Au milieu de cette agitation, Caton s’occupait avec calme du salut des
habitants et de celui des Romains émigrés. Aux premiers, que leur naissance et
leurs intérêts attachaient au sol de l’Afrique, il conseillait de rester étroitement
unis, soit qu’ils voulussent continuer la résistance ou implorer la clémence du
vainqueur; quant aux seconds, pour la plupart chevaliers et sénateurs, il les
accompagna jusqu’au port, et reçut leurs adieux. Pour lui, désespérant de sauver
la ville, il se tua de sa propre main, « résolution fatale, inspirée par la faiblesse
d’une grande âme, ou si l’on veut par l’erreur d’un stoïcien, mais qui n’en a pas
moins été une tache sur sa vie ! » Les magistrats d’Utique tirent à ce généreux
Romain de magnifiques funérailles, auxquelles assista toute la population sans
distinction de partis, et malgré la crainte qu’inspirait l’approche de César. Un
tombeau lui fut élevé sur le rivage. Du temps de Plutarque, on y voyait encore sa
statue, une épée nue à la main: de nos jours, il ne reste plus que son nom.

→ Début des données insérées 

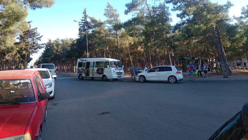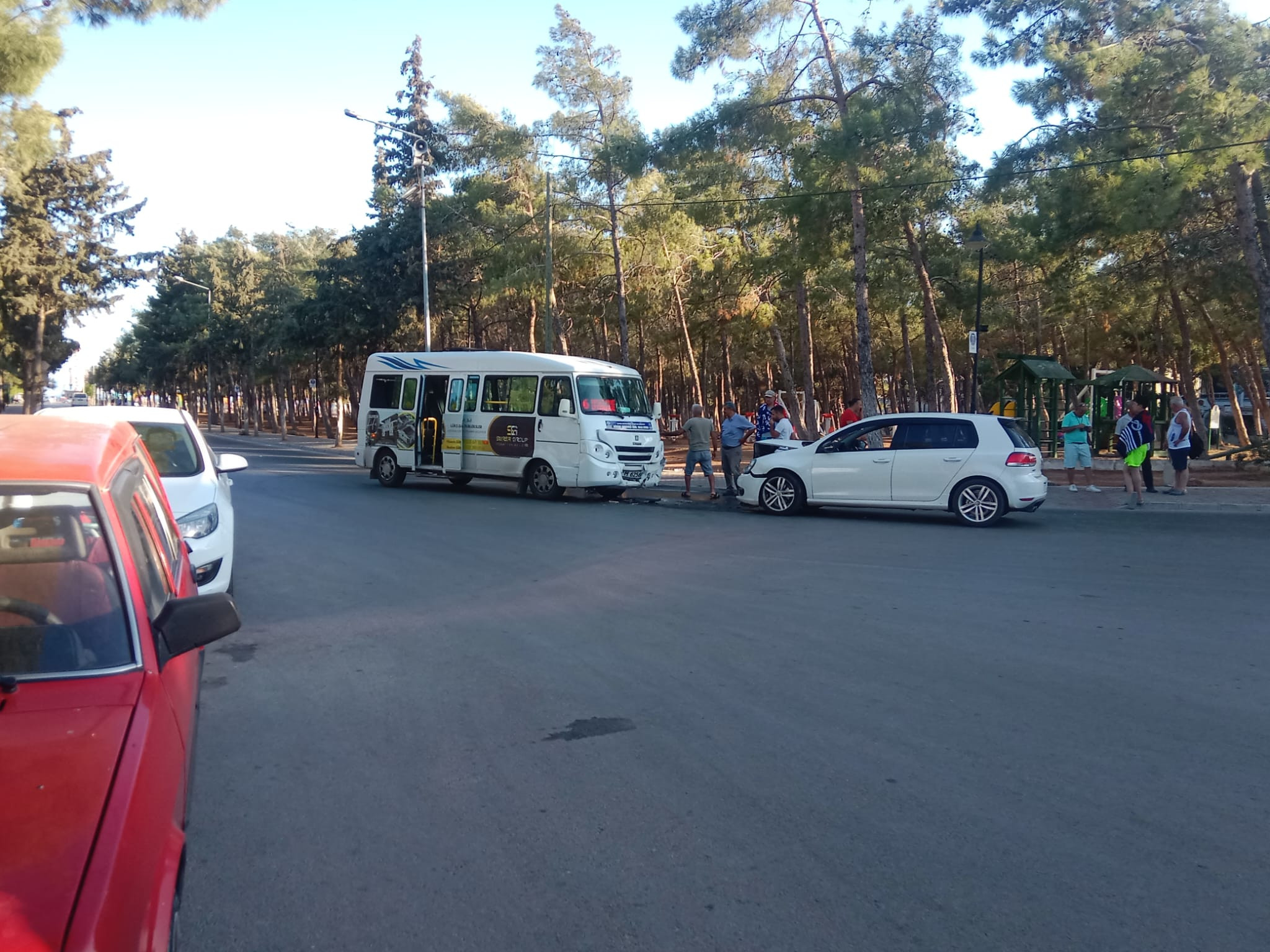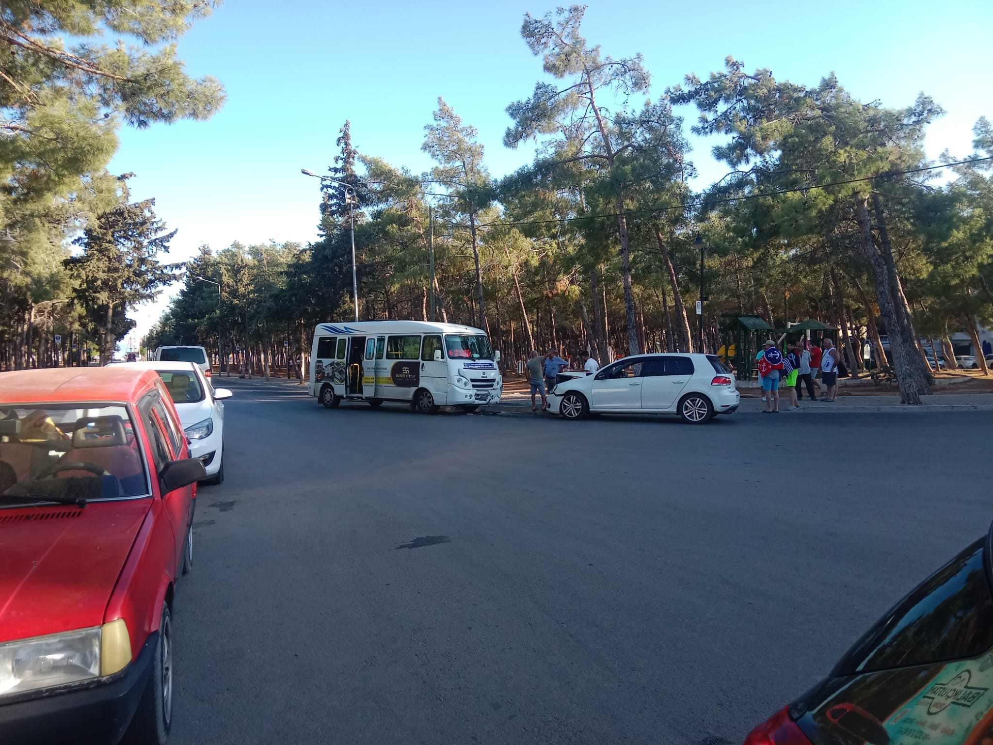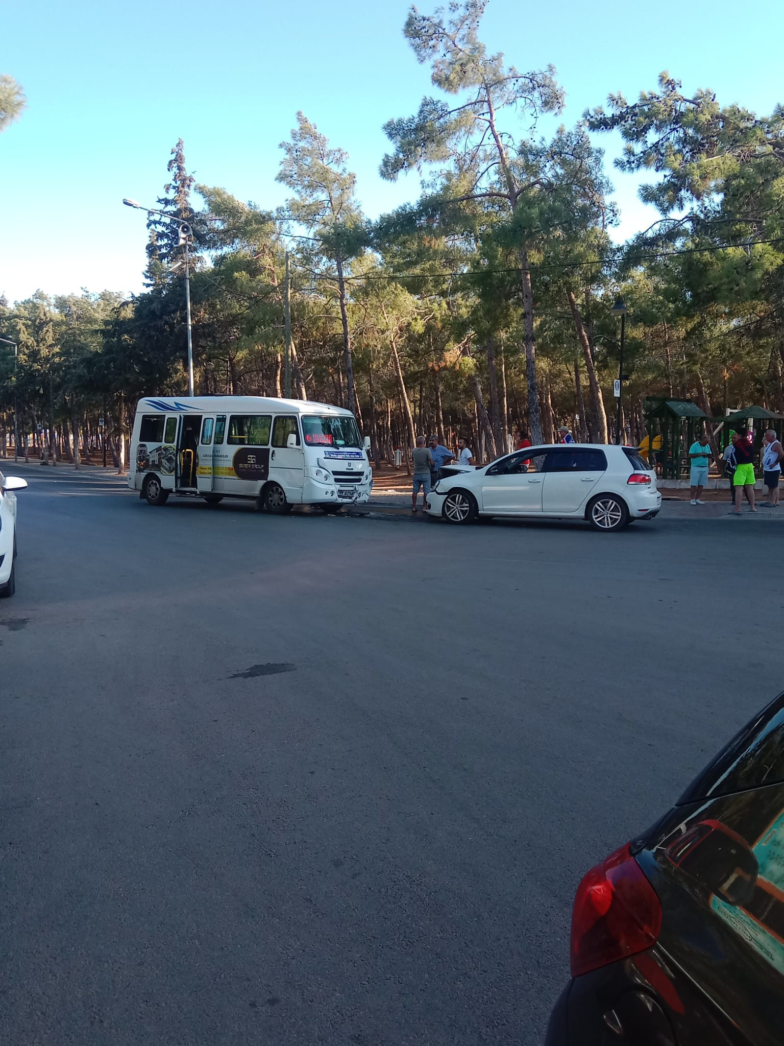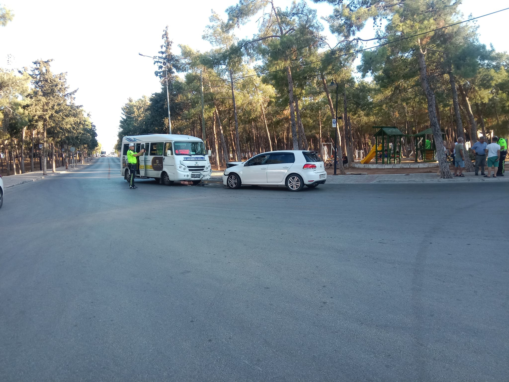 Aydın Didim Çamlık Mahallesi'nde çamlık korusu mevkiinde şehir içi minibüsüyle özel otomobil çarpıştı.

Entré victorieux dans Utique, César exprima de vifs regrets de la mort de
son ennemi, ce qui ne l’empêcha pas de lever de fortes contributions sur les
habitants. Nous trouvons ici une nouvelle preuve des richesses de l’Afrique. Les
citoyens romains d’Utique furent taxés à la somme de deux millions de sesterces,
payables en trois années2 les biens de tous ceux qui avaient eu des
commandements furent confisqués et vendus à l’encan. César imposa la ville de
Thapsus à deux millions de sesterces, et son territoire à trois millions; la ville
d’Adrumète à trois millions, et son territoire à cinq. Leptis et Cisdra, villes moins
riches, ou moins coupables aux yeux du vainqueur, furent taxées seulement, la
première à trois cent mille livres d’huile, la seconde à une certaine quantité de
blé. Ces mesures ne rencontrèrent aucune résistance : tous se montraient soumis
et silencieux. De tant de chefs qui avaient pris les armes contre César, il n’en
restait pas un seul. Scipion s’était embarqué pour l’Espagne, mais, rejeté sur les
côtes par la tempête, il périt non loin d’Hippone; Caton était mort à Utique; Juba,
abandonné de ses sujets, repoussé de sa capitale, s’était suicidé: son fils lui
survécut, et figura dans le triomphe de César, à côté du Gaulois Vercingétorix et
de la sœur de Cléopâtre. Les autres généraux de l’armée combinée ne furent pas
plus heureux; les uns s’ôtèrent eux-mêmes la vie, les autres trouvèrent la mort
sur le champ de bataille, ou dans leur fuite. Ceux qui se rendirent volontairement
furent épargnés; le plus petit nombre parvint à gagner l’Espagne.